The California native was allowed to join the Philippines national team because the island nation was the birthplace of her parents, Merlin, a pediatrician, and Ellen, a registered nurse, of Hayward, Calif. The Venzons emigrated to the United States in 1971.
worldchampionshipsAlthough an ankle fracture ended her competitive skating, she still hits the ice when she can, “just for fun," she said. "I’ve tried to channel that energy from skating into other activities.”
“I don’t really know how she does it all, actually,” said Alfaro with a laugh after recounting Venzon’s many activities. “She must not be sleeping very much.”
Venzon’s current research in what Alfaro calls the “basic diversity patterns across the tree of life” centers on marine life in the coral reefs of the western Pacific.
“We’re trying to understand why we see a maximum number of fish species in the Coral Triangle,” she said, the tropical seas in the region comprised of the Philippines, Malaysia, Indonesia, East Timor, Papua New Guinea and the Solomon Islands.  She’s studying some 13,000 fish species, in part, by using computer programs that allow researchers to sort through as many as 1.5 million data points in their studies.

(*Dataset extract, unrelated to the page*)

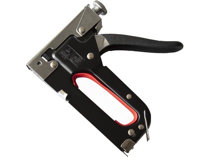 spony o velikosti 4 - 14 mm Sponkovačka s aretací, určená pro upevnění textilií, fólií, kartonů a lišt k dřevěnému a plastovému podkladu.
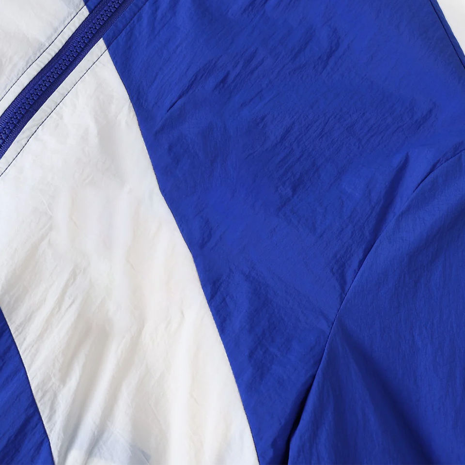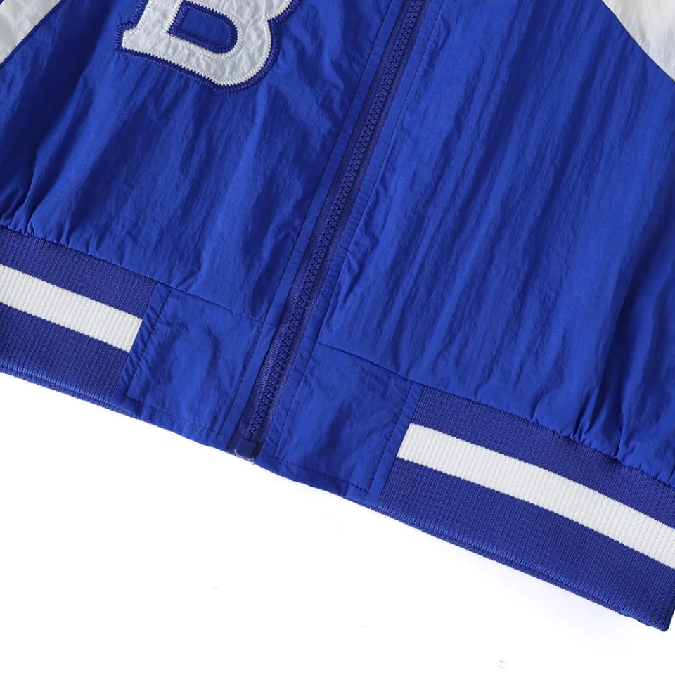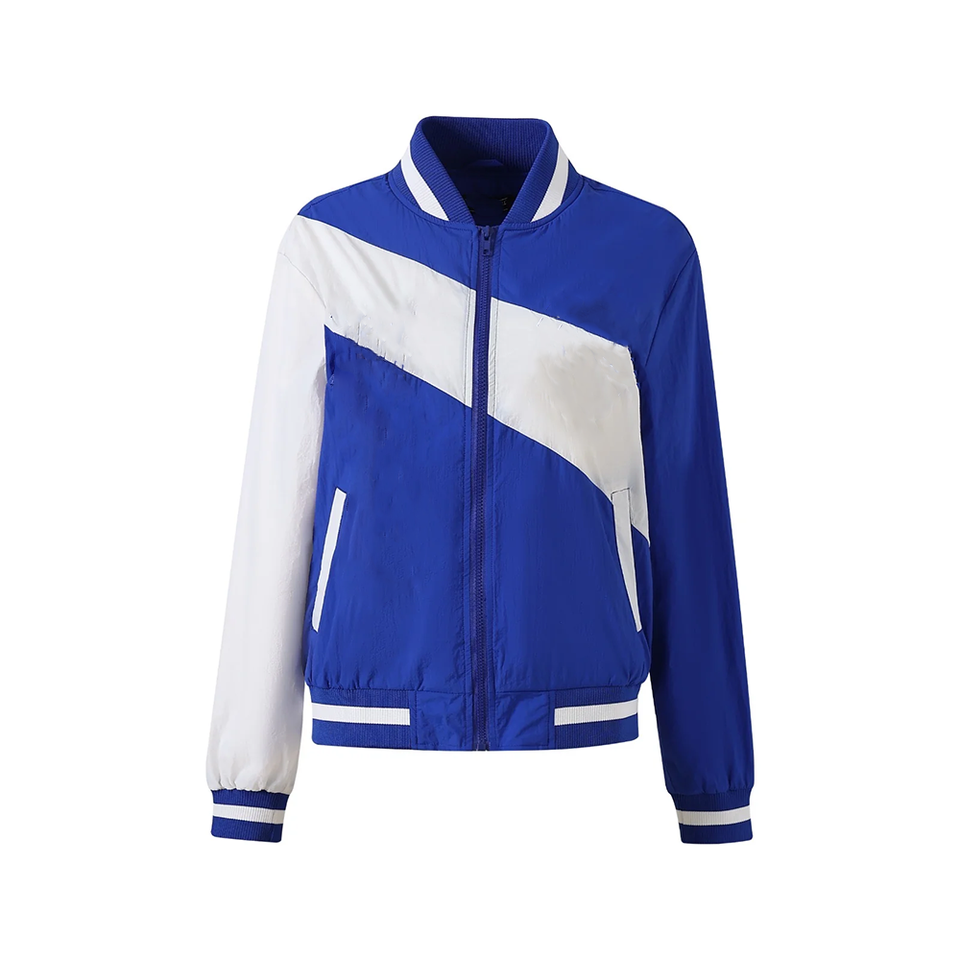 เสื้อแจ็คเก็ตบอมเบอร์แบบมีซิปเต็มตัว สีฟ้ารอยัลบลู ลายพิมพ์สีขาว คอตั้ง น้ำหนักเบา กันลม มีกระเป๋าหน้า ไซส์พลัส

The UCLA senior spent a week last month attending a conference in Australia, where she presented her research results. She was able to apply the scholarship money she won from the True Bruin Distinguished Senior Award to her trip.
While that may seem far removed from the practicalities of modern medicine, Venzon noted that she plans to use the skills and methodologies she’s developing now to study the evolutionary development of pathogens later. For example, evolutionary study can help explain why some bacteria are benign and others are not, she said.

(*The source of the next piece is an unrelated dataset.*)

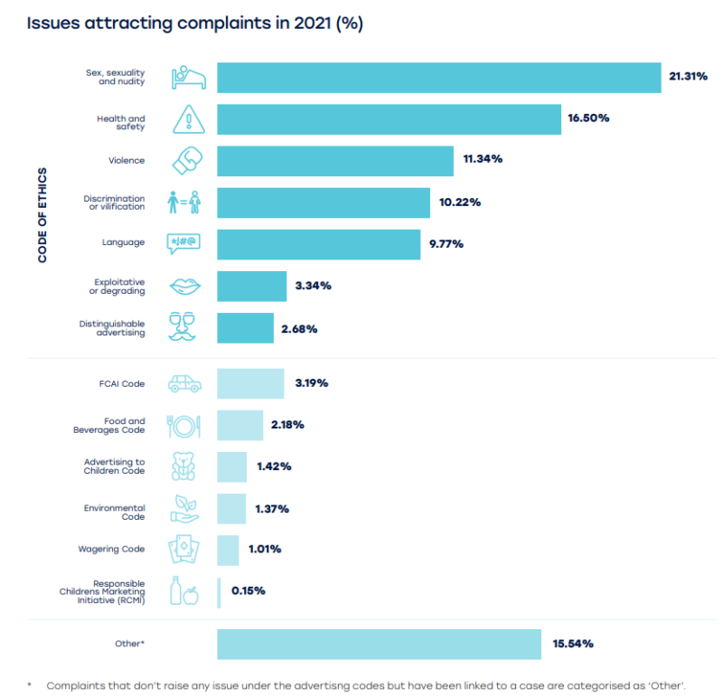 根据该组织的2021年《运营报告》,性别,性和裸露是最重要的关注,尽管略微下降到所有投诉的21.31%,而在2020年中,但占据了AD标准的最大关注。

“What makes a bacteria cause disease? It’s not really clear how they make that jump,” she said.
The biology major is scheduled to graduate from UCLA in June and will continue to work in the campus lab through the summer. She’s planning to attend medical school with an emphasis on research following graduation.
Venzon said she is confident that she’s made the right decision to set aside her one-time ambition to be a clinical doctor in favor of a life in research.
“I see more potential to help more people in research,” she said. “You might not get the immediate gratification of helping a patient, but, in the long run, you help more people by finding new treatments and cures.”